Виктор Петрович остался один. Полная, гробовая тишина, нарушаемая лишь мерным тиканьем настенных часов в прихожей — тех самых, с маятником, которые он чинил раз в год.
Он медленно опустился на табуретку. Ноги больше не держали. Он сидел и смотрел в пустоту перед собой. Капли с тряпки продолжали падать на пол. Кап. Кап. Кап.
Он поднял голову и обвел взглядом комнату. Все было так же, как и минуту назад, и как десять, и двадцать лет назад. Но все было совершенно иным. Словно кто-то прошелся по его миру кислотой, и все краски полиняли, а знакомые предметы обрели зловещие, чужие очертания.
«Освобождай квартиру».
Эти слова висели в воздухе, как ядовитый газ. Он глубоко вдохнул и почувствовал, как в легких обжигает холодом. Он сжал влажную, холодную тряпку в руке. Это была единственная реальная вещь, за которую он мог ухватиться. А весь его мир, вся его простая, выстроенная по кирпичику жизнь, только что рухнула под напором двух молодых, здоровых, жадных до чужого жизненных сил существ.
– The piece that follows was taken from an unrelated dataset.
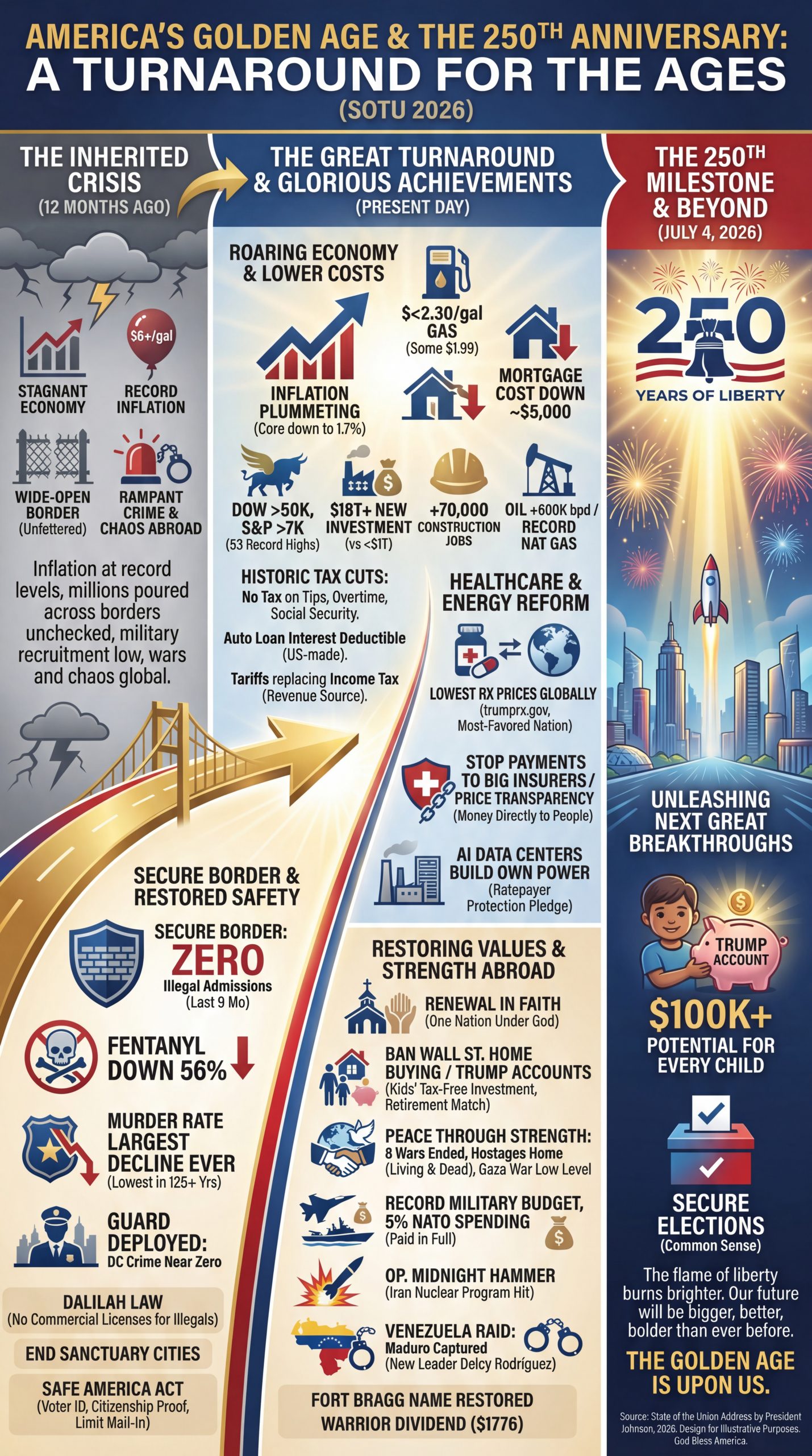 "original_text": "Less than five months from now, our country will celebrate an epic milestone in American history, the 250th anniversary of our glorious American independence. This July 4th...",

Он просидел так, не двигаясь, очень долго. Пока за окном не стемнело окончательно, и алая герань не растворилась в наступающей ночи, став лишь черным силуэтом на фоне стекла.
***
Тишина после их ухода была не просто отсутствием звуков. Она была плотной, тяжелой, осязаемой, как вата, заткнутая в уши и забившая собой все пространство квартиры. Виктор Петрович сидел на табуретке, вцепившись пальцами в ее края, пока суставы не побелели. Казалось, если он разожмет руки, его унесет в какую-то черную, бездонную пропасть, которая уже зияла у него под ногами.
«Освобождай квартиру».
«Самый необходимый хлам».
«Папа согласен».
Эти фразы, словно отравленные стрелы, впивались в мозг, вызывая тошнотворную, физическую боль где-то в районе солнечного сплетения. Он медленно, с трудом поднялся. Ноги были ватными. Он сделал шаг, потом другой, и его взгляд упал на телефон-автомат старого образца, висевший в прихожей на стене. Желтая пластмасса, дисковый номеронабиратель. Лида выбирала его за красоту.
Он снял трубку. Палец сам нашел знакомые цифры — номер сына. Максим. Его Максимка. Тот самый, который в детстве забирался к нему на колени и слушал сказки про завод-гигант, который они строили всем миром.
Трубку взяли почти сразу.
— Алло? — голос Максима был сонным, равнодушным.
— Максим… — начал Виктор Петрович, и собственный голос показался ему чужим, хриплым. — Ты… ты знаешь?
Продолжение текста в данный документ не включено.